Como a hantavirose se manifesta?

Os sintomas iniciais da hantavirose podem ser facilmente confundidos com os de uma gripe forte. O quadro geralmente começa com febre alta, dores musculares, dor de cabeça, náuseas e vômitos. A principal diferença é a rápida evolução para um quadro respiratório grave.

Em poucos dias, a infecção pode progredir para a Síndrome Cardiopulmonar por Hantavírus. Nessa fase, o paciente desenvolve tosse seca e dificuldade para respirar, que pode levar à insuficiência respiratória aguda. Por isso, buscar atendimento médico imediato ao apresentar os sintomas após frequentar áreas de risco é fundamental.

Prevenção é a melhor estratégia

Como não existe vacina, a prevenção é a principal ferramenta para evitar a doença. As medidas são focadas em impedir o contato com os roedores e seus dejetos. Veja as orientações mais importantes:

  • Em locais fechados: antes de limpar galpões, paióis ou casas desabitadas, abra portas e janelas para arejar por pelo menos 30 minutos. Use um pano úmido com água sanitária para limpar o local, evitando levantar poeira.

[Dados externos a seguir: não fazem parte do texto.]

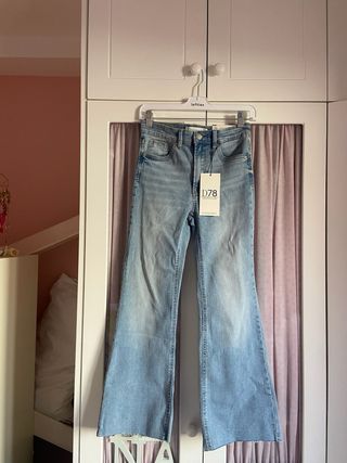 Pantalón vaquero de tiro alto con corte flare. - Tejido vaquero. - Cintura alta. - Pierna acampanada.
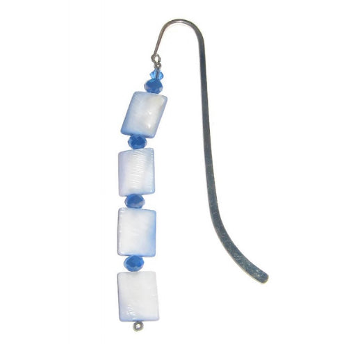 Light & Dark Blue Bookmark with Mother-of-Pearl & Crystals
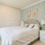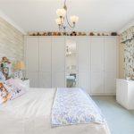 With a window at the rear, a radiator, a ceiling light, LED downlighters, and built-in double wardrobes along one wall with matching cupboards above.
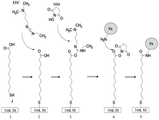 Covalent immobilization of fibronectin (Fn) onto a 316L stainless steel surface. (1) MUA film formation, (2) formation of COOH-EDC activated complex, (3) replacement of EDC by NHS to form an NHS-terminated film, (4) replacement of NHS with Fn, and (5) final structure of an Fn-modified 316L-SS surface [22].
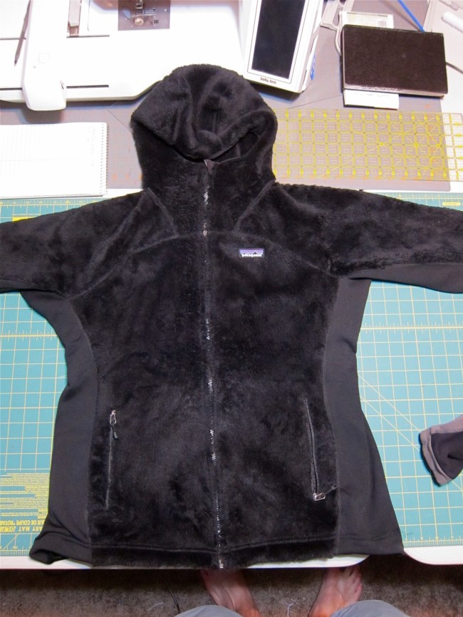 This is a women’s R3 Hi-Loft hoody, size XL. I got it half off from Patagonia’s website. As keen observers are no doubt aware, Patagonia makes many great garments with great hoods, but often only for women. The answer I’ve discovered for this dilemma is to buy an XL, which seems to have a sleeve length between a men’s M and L, and take in the torso to fit. As you can see in the above photo, the torso it pretty room, and as you can see from aforelinkedto catalogue shot, the hoody is cut to show off sexy hips the I simply do not have.
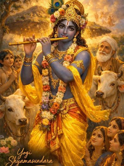 I bow to Shyam Sundar, who delights all the Gopis. He who resides in the grove nourishes everyone's souls just as the sun's presence causes the lotus to bloom. I bow to the divine being who fulfils the desires of His devotees, whose graceful glances destroy sorrows, and who plays the most enchanting melodies on His flute, captivating the hearts of all with His divine presence.
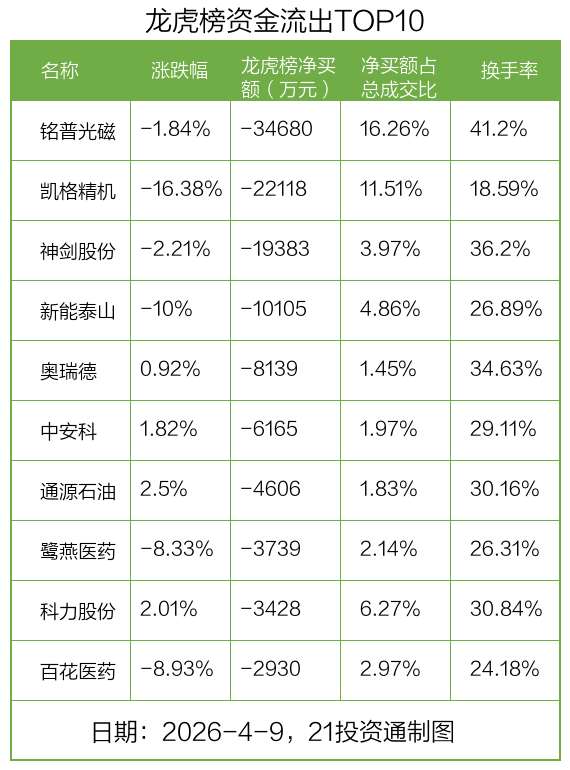 而龙虎榜中资金净流出最多的是铭普光磁(002902.SZ),被净卖出为3.47亿元,占总成交金额的16.26%。铭普光磁收盘下跌1.84%,换手率为41.2%。
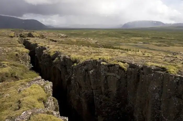 В Исландии на территории Национального парка «Тингведлир» находится одно из самых удивительных мест на земле – место расхождения тектонических плит. Здесь расходятся Евразийская и Северо-американская тектонические плиты, из-за чего наблюдается повышенная вулканическая активность, а на южном берегу озера Тингвадлаватн расположен вулкан Хенгиль.

  • Proteção individual: ao realizar a limpeza de locais suspeitos de infestação, utilize luvas de borracha e máscara de proteção para evitar o contato e a inalação de partículas.

  • Armazenamento de alimentos: guarde grãos, sementes e rações em recipientes bem fechados e elevados do chão para não atrair os animais para dentro e ao redor das residências.

  • Controle do ambiente: mantenha o terreno ao redor de casa limpo, com grama aparada e sem entulhos ou lixo acumulado, que podem servir de abrigo para os roedores.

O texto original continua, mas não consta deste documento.